この間、高力士と裴力士は牡丹の鉢植えを運んで花見の準備をする。実際にはない重い鉢を二人で運んでいるように演技をしながら、こんなものでいいかな、いい香りだねえと世間話を始める。後宮には美女三千、小さいときから入って頭が白くなるまで陛下の顔を見ることもないものもいるなか、寵愛を受けることは大変だと高力士は言う。おっとこんなことしゃべっている場合じゃない、と酒の準備に二人は下がる。
楊貴妃再び登場。
「宮装」といういでたちで、朝廷に参内するような礼服とは違い、便服である。
相変わらずの「酔歩」。周りに咲く花々の美しさを見て、花びらをちぎり、香りをかいで愉しむ。それは仕草で表現される。舞台左右での演技の後、真中で派手にくるくる回転、ねじが巻かれるように足腰を曲げて倒れ込む「臥魚」の動き。このとき衣装が舞って美しい。

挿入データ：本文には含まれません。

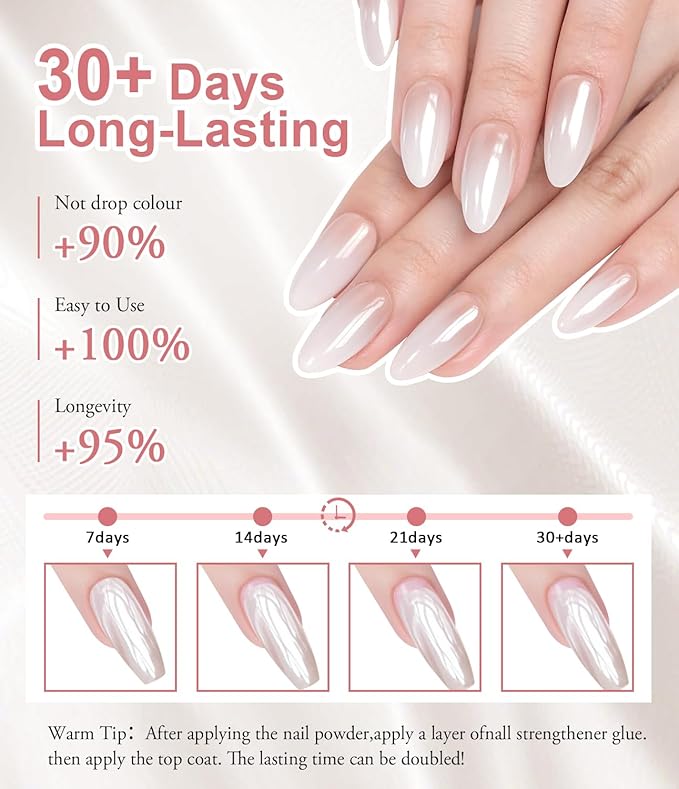 - Super Sheer Pearl Nail Powder: BISHENGYF white chrome nail powder is an ideal choose for achieving a stunning ice transparent and glossy glazed donut nail effect. This white powder has a translucent water-like sheen that gives your nails a radiant glow from within, adding dimension. If you're looking for a transparent powder, this powder definitely for you.

裴力士が再び酒を持ってきて勧める。飲みっぷりが見事な楊貴妃。しゃがんで両手を腰に当て、捧げる杯を口にくわえて身体をゆっくり回転させる「下腰」という芸当がみどころ。
さらに高力士が酒を持ってくるが熱い。不機嫌な表情で高力士に抗議する。高力士はふうふう冷まして再び勧める。ここでまた「下腰」。そして宮女たちが持ってきた酒を飲み「下腰」。
楊貴妃のあまりの酔いようにたしなめようと高力士は玄宗が来たと嘘をつく。慌てて出迎えようとする楊貴妃を宮女たちが支える。楊貴妃を真中に左右を支える宮女たちが横一列に並ぶ。
「出迎えが遅れてしまいました。申し訳ございません」という楊貴妃だが「今のは嘘でございます」と高力士が答えるのを聞くや否や気が抜けて座り込む。それにつられて宮女たちも皆その場で座り込む。
楊貴妃は立ち上がって宮女たちを振り払うと、更にお酒を持ってきて、皇帝を呼んできてと裴力士、高力士に絡む。しまいには高力士の冠を取り上げて、自分の鳳冠の上に乗せておどけながら歩く。
「返してください」と慌てる高力士。楊貴妃は冠を手にして高力士は頭を低くして「それっ」とばかりにお互いに向かっていくもののうまく収まらない。それを一回二回と繰り返して高力士はやっと返してもらう。
高力士に宮殿に戻るようにうながされた楊貴妃は、フラフラするのを宮女たちに支えられて戻っていくのであった。
鑑賞(2)
史依弘(史敏)が演じる楊貴妃
データ
別名《百花亭》。
四大徽班のひとつである四喜班の呉鴻喜の創作。路三宝、梅蘭芳、筱翠花等異なる演技のなか、梅蘭芳が独創的で、今に到っては主流になっている。
[万年歓][傍粧台][柳揺金]などたくさんの曲牌が使われるなか、唱あり、踊りあり、美しい動きに衣装も華やかな梅蘭芳の代表作。
行当としては「青衣」よりも動きが多く、かといって「花旦」よりはあでやかに動きうたも多いので「花衫」と呼ばれる。